Court Opinion

ID: 9690079
Source: CourtListenerOpinion
Date Created: 2023-08-24 18:53:16.757213+00
Date Added: 2024-06-11T18:18:53.471728
License: Public Domain

JUSTICE WM. A. BABLITCH
(dissenting). I join the dissenting opinion filed by Chief Justice Heffernan. Respectfully, I write only to address the concurring opinion which strongly urges the legislature to address this issue. My experience as a former member of the legislature tells me this: that will not happen.
In some legislation the legislature, recognizing that the future will bring issues to the fore that it *539cannot anticipate at the time of passage of the bill, meets its obligation to the future by placing the burden on the courts to deal with those issues consistent with its expressed intent. This is just such an issue. That is why the dissent by the Chief Justice is so very correct.

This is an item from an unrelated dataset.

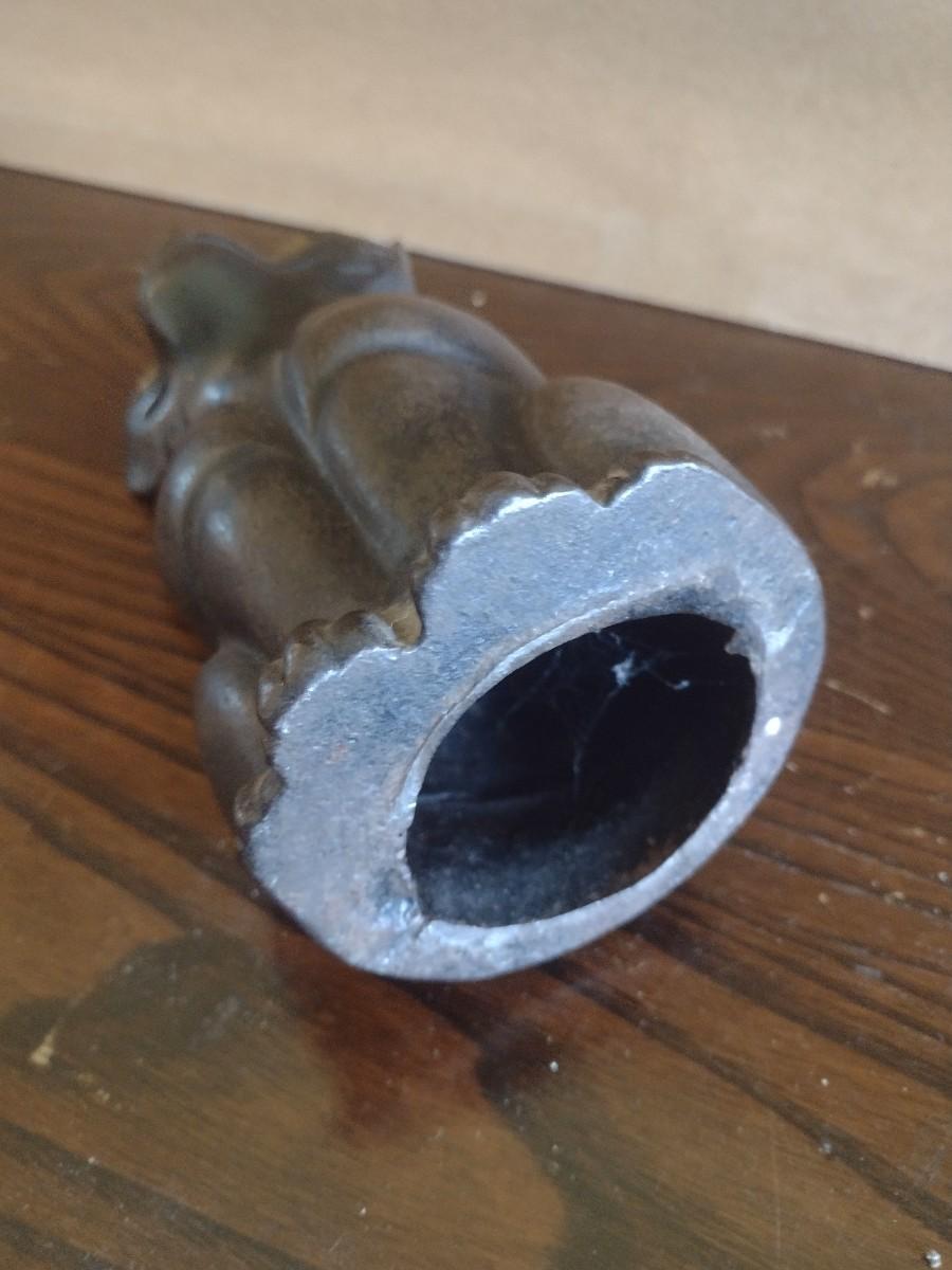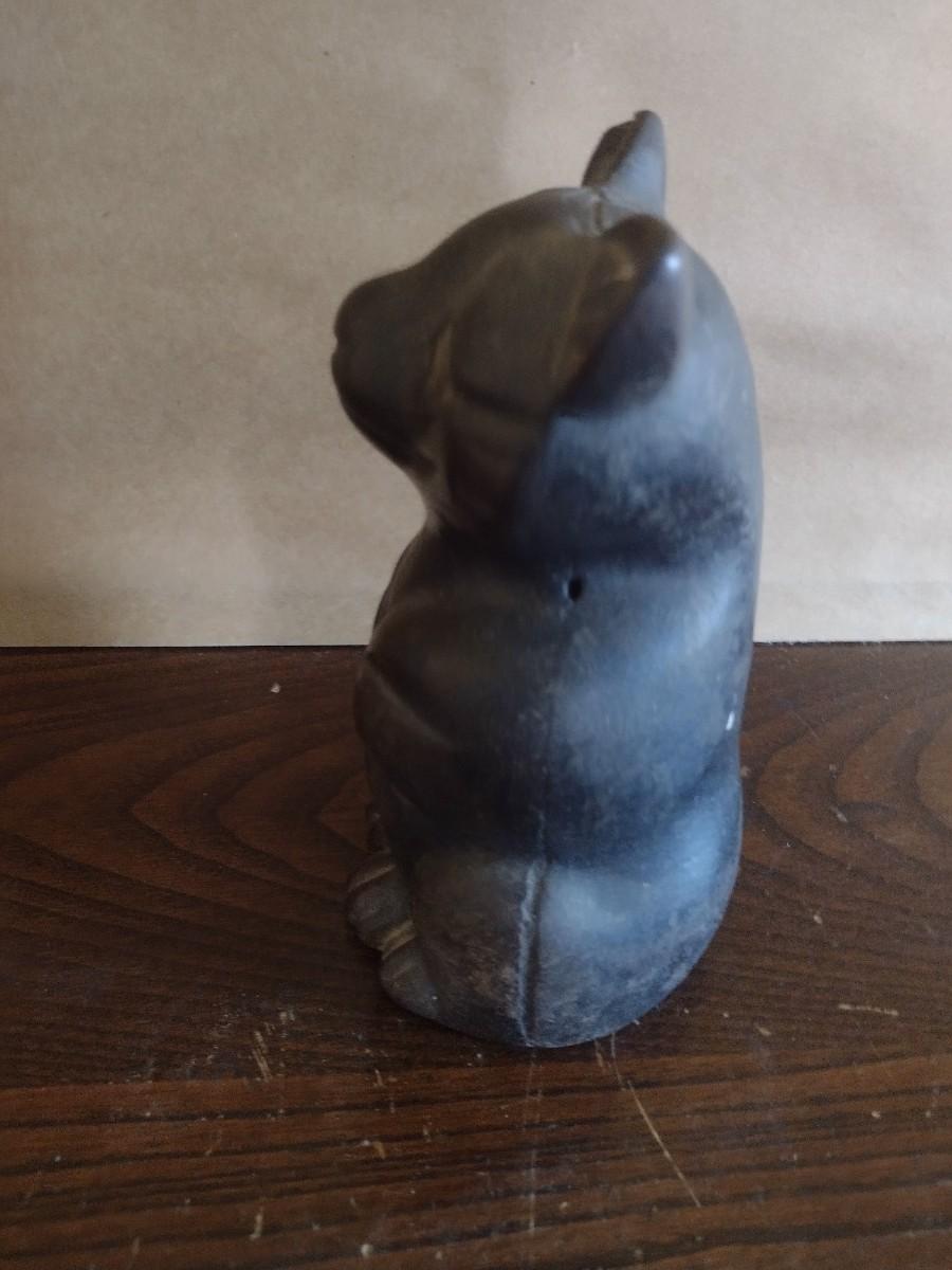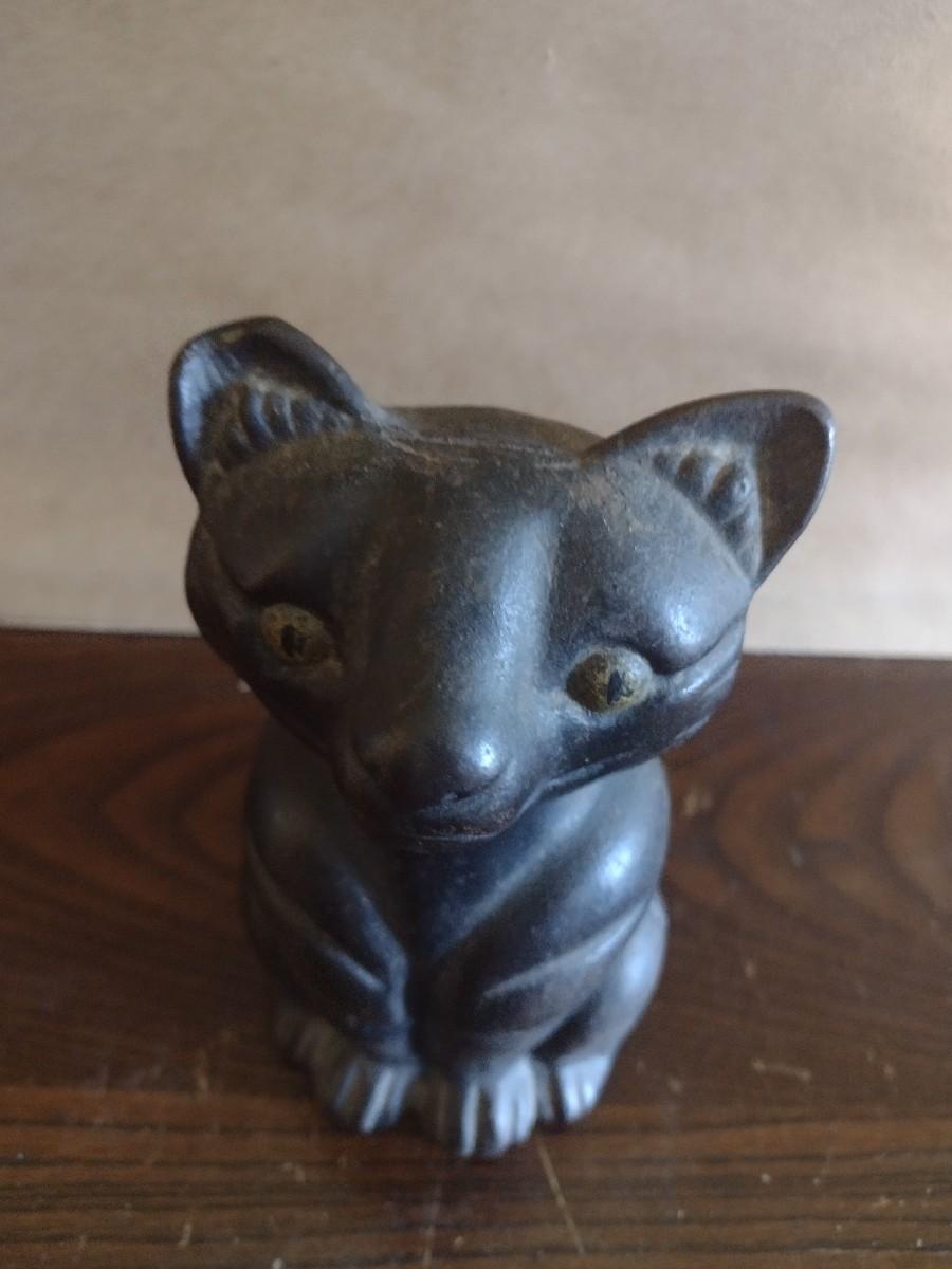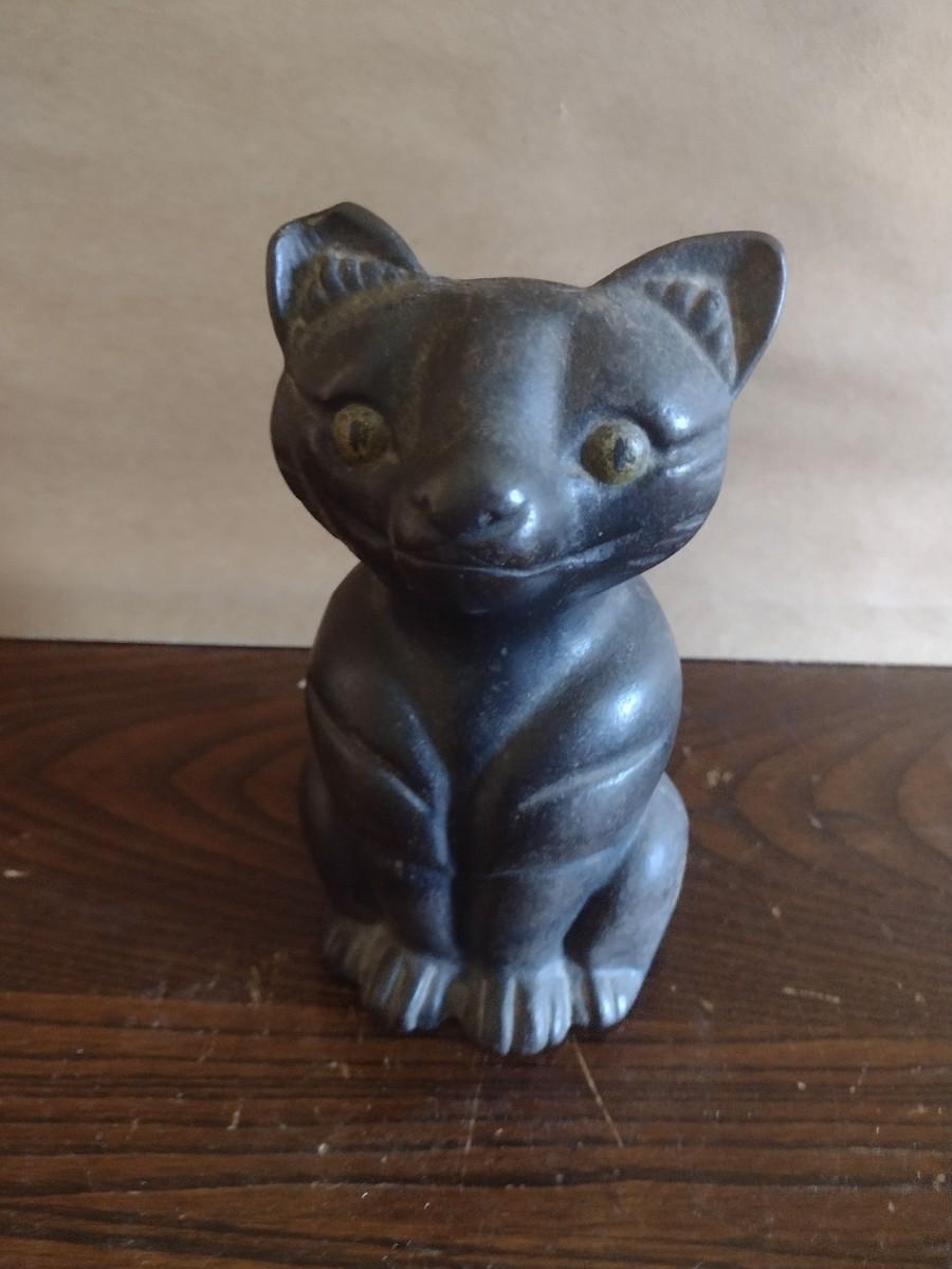 Antique Cast Iron Alley Cat Statuette. Ear looks as though it was designed to be cropped but assume otherwise when bidding. This cast has thick walls and is extremely heavy for its size.

The Legislative Council highlighted the adoption statutes as just such legislation. The Council, in its notes to the bill, took great care to point out to the legislature that the proposed adoption legislation effected a major change in the area of future interpretation: that not only would the principle of best interest of the child remain but also that the principle of strict construction of the adoption statutes would be rejected in favor of liberal construction. The importance of that change cannot be overemphasized. The legislature was told that the committee of its peers, the Legislative Council, was recommending that courts be instructed not only to interpret this statute and the situations that arise under them in light of the best interest standard but also to do so liberally. This was the "red flag" that told the legislature that if it adopted this legislation, future interpretation of even the thorniest of issues would be left to the courts, with the only canon being liberal construction in the best interests of the child.

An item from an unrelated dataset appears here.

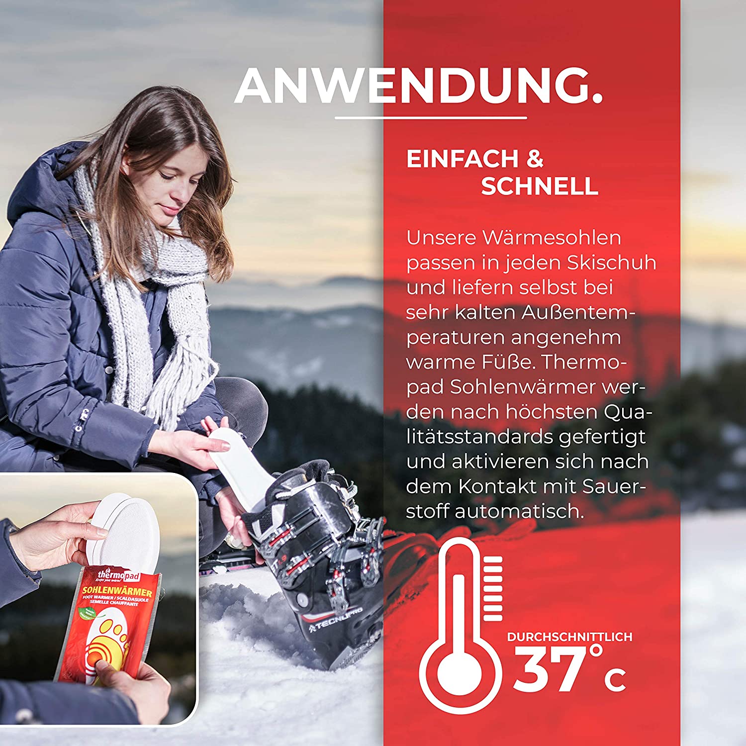 Padi aktiveerub pakendi avamisel õhu toimel ja soojeneb u. 37°C. Aseta soojendusega sisetald saapa sisse ja naudi jalgu soojas.

Thus, the legislature knew precisely what it was doing when it inserted into the adoption statutes the somewhat amorphous and vague directives to the courts that in interpreting these statutes, they "shall be liberally construed to effect the objectives contained in this section," sec. 48.01(2), Stats., and that "(t)he best interests of the child shall always be of paramount consideration . . Section 48.01(2). The legislature knew it could not anticipate all the situations that might arise in the future. It certainly knew, if by *540instinct only, that some of those issues would be very thorny indeed. And it most certainly knew, from experience alone, that future legislatures would be most reluctant to address the thorniest of them.
The legislature at times, as here, deliberately paints with a very broad and ambiguous brush. By design, it left the details to us, even the most controversial ones. We abdicate our responsibility by passing this back to the legislature, particularly when we know the likelihood of the legislature ever acting is minimal at best.
The legislature, by being deliberately ambiguous, is telling the courts, "We will not because we cannot spell out in detail every conceivable situation that might arise in the future, particularly the very sensitive ones. Look to the best interests of the child when these situations arise." As the dissent eloquently points out, everybody agrees what the best interests are here.